■ ABOUT THIS EXERCISE
Write out all the data verbatim. Skip images.

[DATASET ENTRIES Boundary: Start]

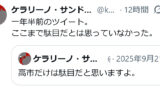 ケラリーノ・サンドロヴィッチは高市氏が立候補した自民党総裁選前月の昨年9月、自身のXで投稿した「高市だけは駄目だと思いますよ」というポストを添付。
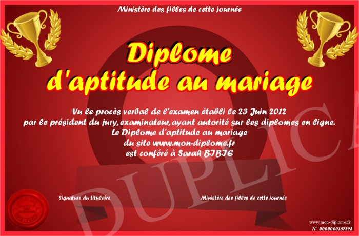 Envoyez par email votre Diplôme d'aptitude au mariage personalisé
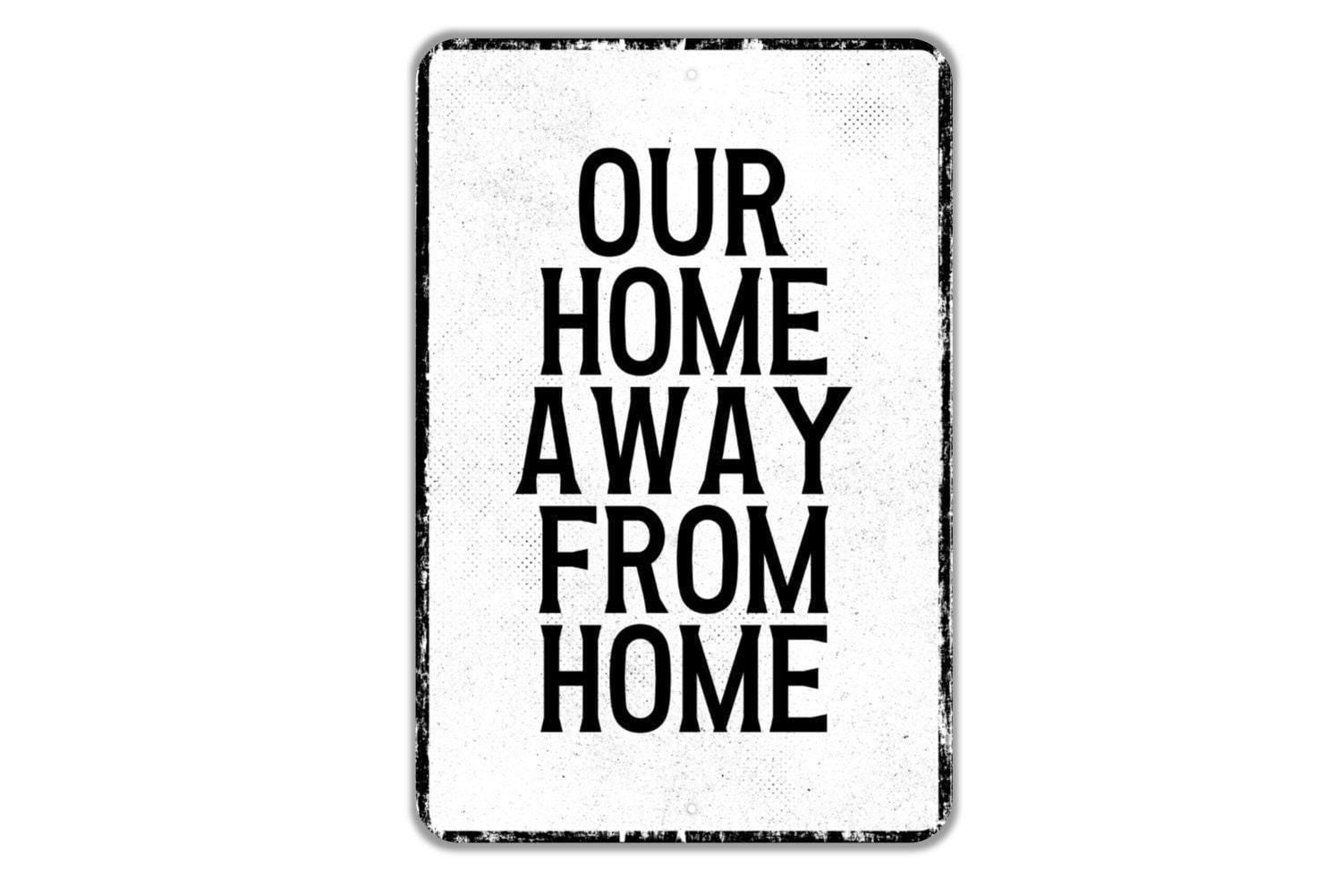 Our Home Away From Home Sign | Rustic Cabin Metal Sign or Vinyl Sticker | Vacation House, RV, Camper, Cottage, Lake House, Family Retreat
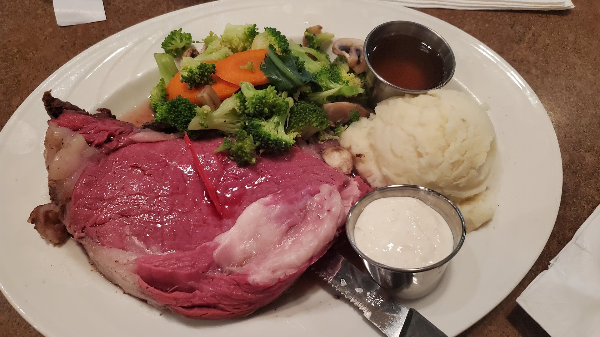 My husband and I ordered the prime ribs ($17.50) He ordered his medium rare and I said "whatever is the rarest piece still available." The waitress said, "so rare?" I said, "yeah, sometimes places only have medium as their rarest piece later at night, so if that's the rarest piece still available, that's fine."
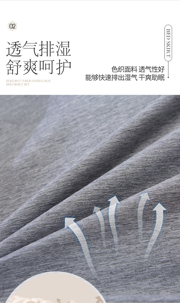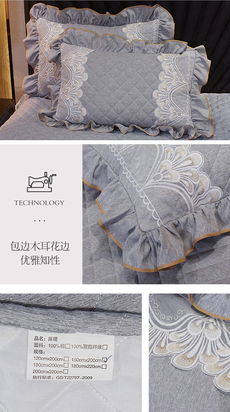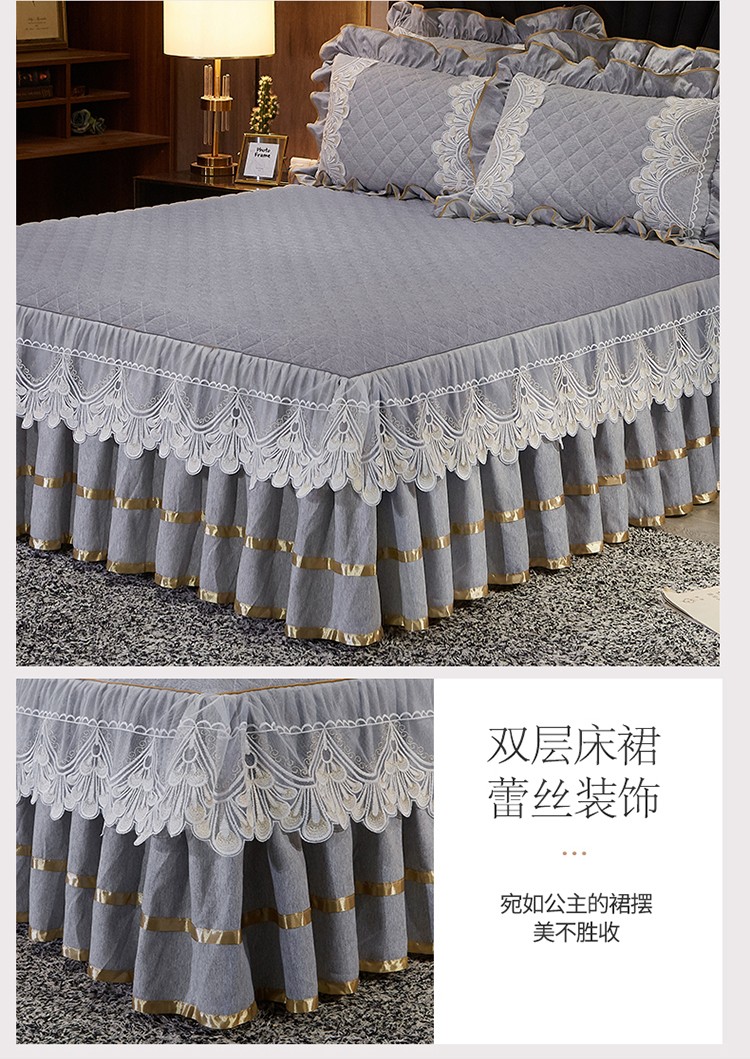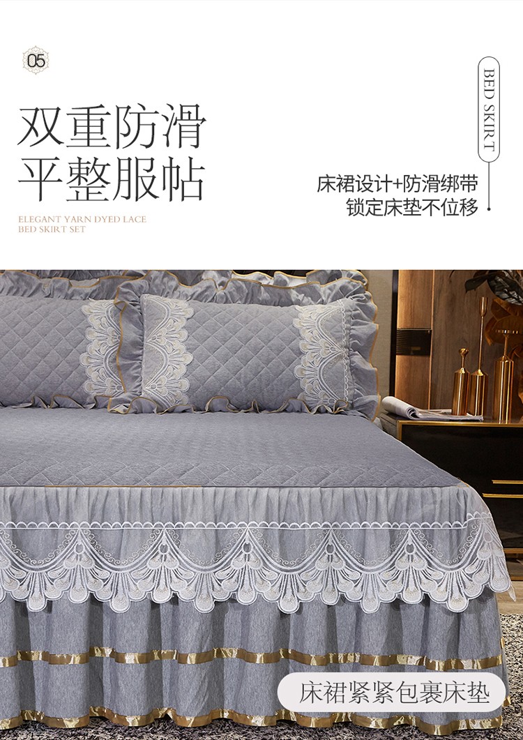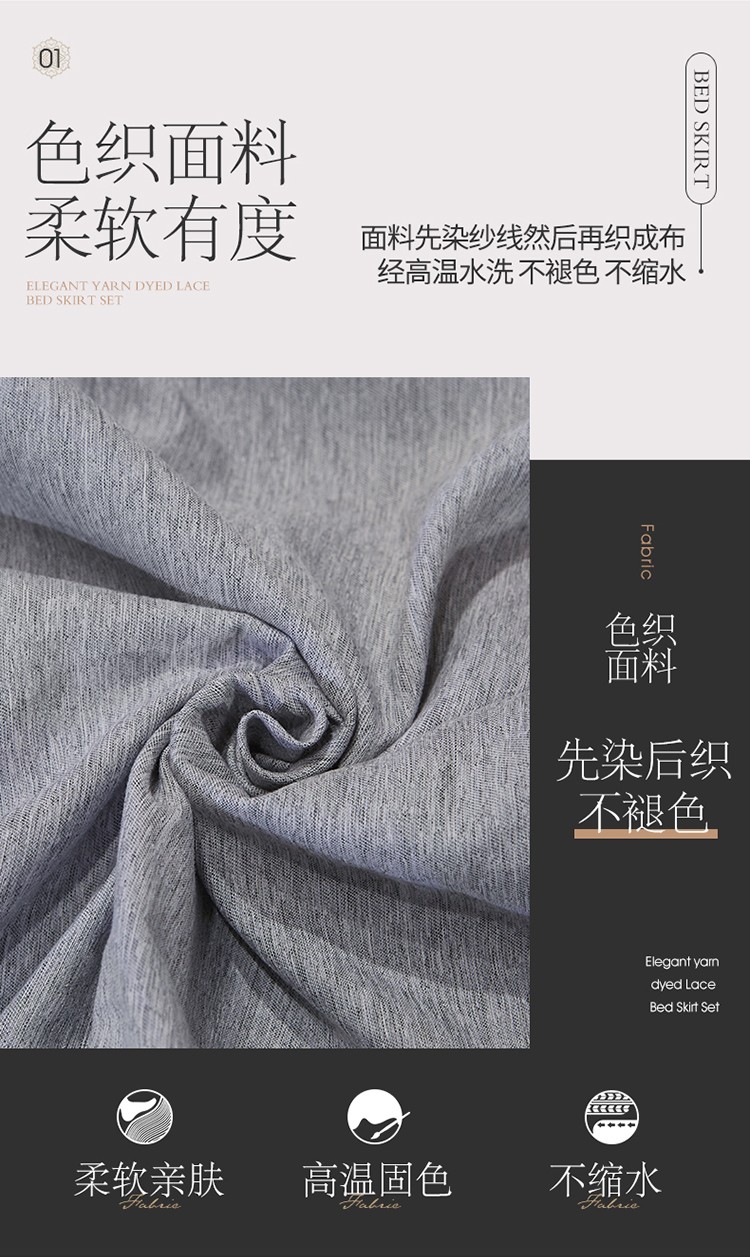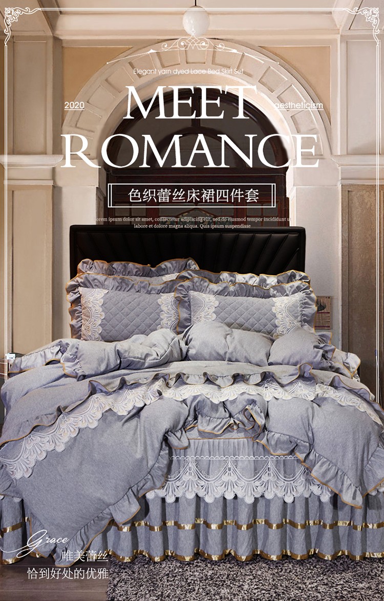 商品名称:网红馆 2025新款芭莎风情色织蕾丝床裙四件套 烟熏灰
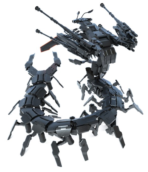 【フォロワー2000人記念ロボ】 遂に完成しました、でっかいムカデロボです。 お題: ムカデ キャタピラ ワイヤードクロー 両肩キャノン 武器腕マシンガン 腕部武器

[DATASET ENTRIES Boundary: End]

■ ANSWER FOR THIS EXERCISE
 ケラリーノ・サンドロヴィッチは高市氏が立候補した自民党総裁選前月の昨年9月、自身のXで投稿した「高市だけは駄目だと思いますよ」というポストを添付。
 Envoyez par email votre Diplôme d'aptitude au mariage personalisé
 Our Home Away From Home Sign | Rustic Cabin Metal Sign or Vinyl Sticker | Vacation House, RV, Camper, Cottage, Lake House, Family Retreat
 My husband and I ordered the prime ribs ($17.50) He ordered his medium rare and I said "whatever is the rarest piece still available." The waitress said, "so rare?" I said, "yeah, sometimes places only have medium as their rarest piece later at night, so if that's the rarest piece still available, that's fine."
 商品名称:网红馆 2025新款芭莎风情色织蕾丝床裙四件套 烟熏灰
 【フォロワー2000人記念ロボ】 遂に完成しました、でっかいムカデロボです。 お題: ムカデ キャタピラ ワイヤードクロー 両肩キャノン 武器腕マシンガン 腕部武器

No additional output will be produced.